Reverse Weathering and Paleoclimate

While there is strong evidence that atmospheric CO2 decreased and the Earth cooled over the past 50 million years, the mechanism driving this trend is still not well understood. A few hypotheses invoke an increase in silicate weathering, changes in weatherability, and/or a decline in volcanic outgassing. In a recent study, we propose a novel hypothesis suggesting that a decrease in the global rate of clay mineral formation on or in the seafloor (i.e., reverse weathering) could cause the same trend. Using magnesium isotopes and element concentrations combined with multivariate statistics, we fingerprint the geochemical signature of newly formed clay and show how changes in reverse weathering could be largely responsible for the increase in seawater Mg/Ca and the global cooling observed over the past 50 million years.

Related Publication

  • Dunlea, A. G., R. W. Murray, D. P. Santiago Ramos, and J. A. Higgins (2017) Cenozoic global cooling and increased seawater Mg/Ca via reduced reverse weathering. Nature Communications, 8, doi:10.1038/s41467-017-00853-5

Seawater-Sediment Element Cycling

Photosynthesis in the Southern Ocean consumes a massive amount of atmospheric CO2, but the magnitude is limited by the availability of certain trace metals (e.g., iron, cobalt, or other) in surface waters. Water column research shows that cobalt has a relatively short ocean residence time (~40-150 years) and is not well mixed in the ocean.
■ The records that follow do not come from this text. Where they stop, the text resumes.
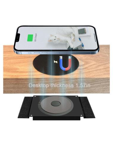 - [Máx 1.57 pulgadas (40MM) de distancia de carga] Este cargador inalámbrico invisible debajo de la mesa tiene una distancia de carga de 8-40MM (0.31-1.57 pulgadas) para carga en escritorio. Si tu distancia de carga no está dentro de este rango, ten en cuenta que si es demasiado delgada, puedes dañar tu dispositivo. Adecuado para instalación debajo de mesas con tapas gruesas. Adecuado para no metales como mármol, cuarzo, madera, vidrio, etc.
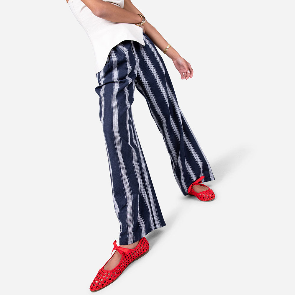 Red Vegan Leather Closed-Toe Woven Tie-Up Flat Shoes for Women
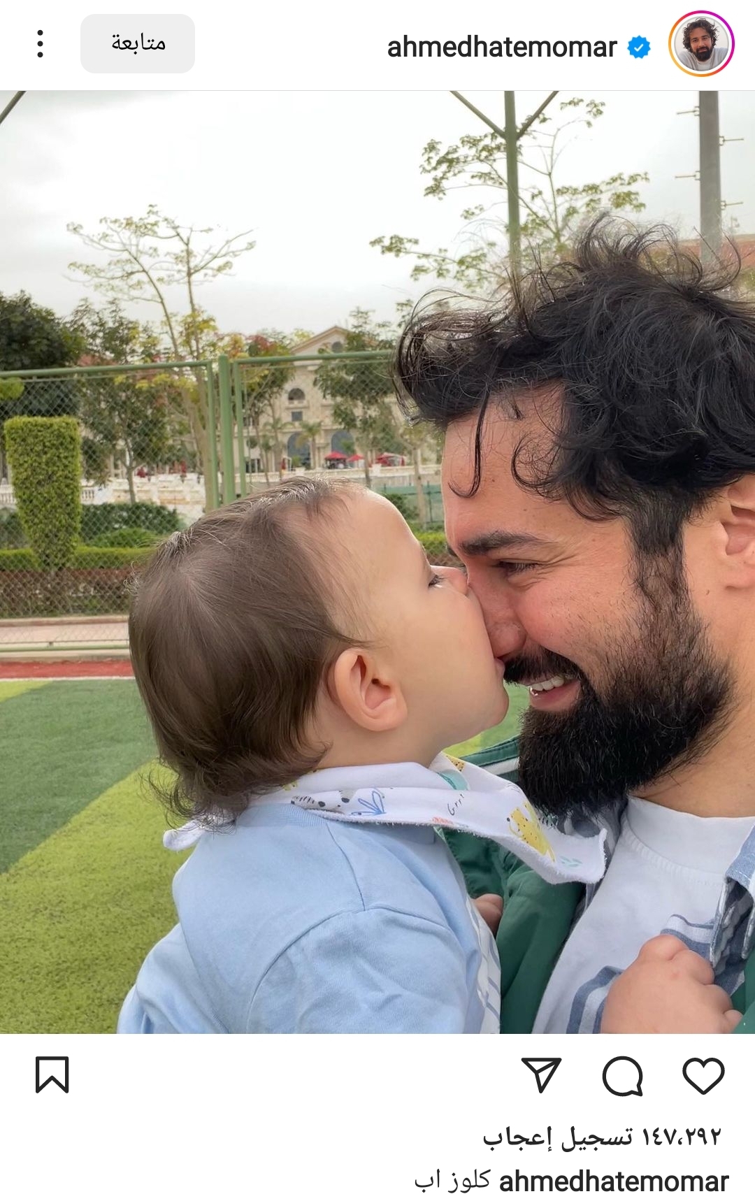 نشر الفنان أحمد حاتم عبر صفحته على الانستجرام صورة بصحبة ابنه، وكتب مداعبا جمهوره:"كلوز أب".
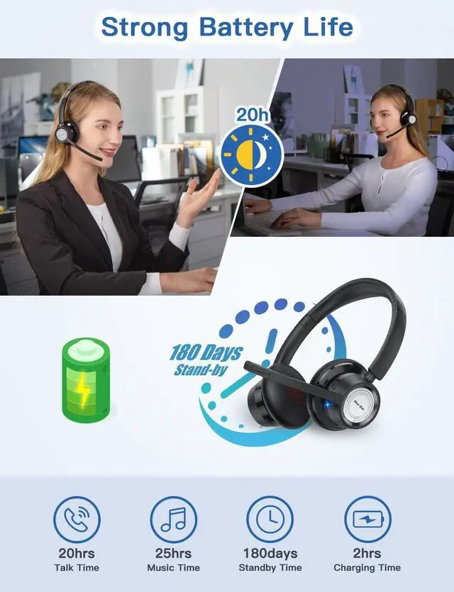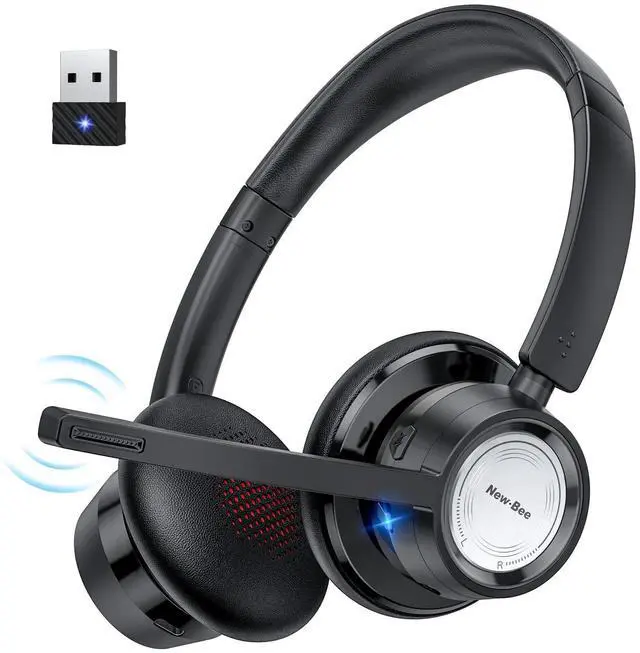 Noise Cancellation & Mute FunctionNew bee BH58 Bluetooth headphone adopts advanced ENC Noise Reduction Tech which can filter out 99.6 % of background noise automatically while you are on a call, leading to a ultra-clear calling experience. With the mute key, you can click the mute button to easily turn the microphone ON/OFF during the calls (for cell phone and computer). ^^ Bluetooth V 5.0 & USB DongleThe Bluetooth V 5.0 technology brings ultra-fast wireless transmission and stable connections, which widely compatible with most computers, laptops, smartphones, tablets. For devices without Bluetooth function, you can use the USB dongle to connect trucker Bluetooth headset with the device.

On the contrary, studies of clays in the deep open-ocean suggest the deposition of cobalt from the water column is broadly constant through time and space. By uniting perspectives from water column and sediment research, we examine the cycling of metals in the ocean and seafloor and how they have changed through time.

Related Publication

  • Dunlea, A. G.*, L. A. Tegler*, B. Peucker-Ehrenbrink, A. D. Anbar, S. J. Romaniello, T. J. Horner, (2021) Pelagic clays as archives of marine iron-isotope chemistry. Chemical Geology, 575, 12020. doi: 10.1016/j.chemgeo.2021.120201

*First and second authors contributed equally.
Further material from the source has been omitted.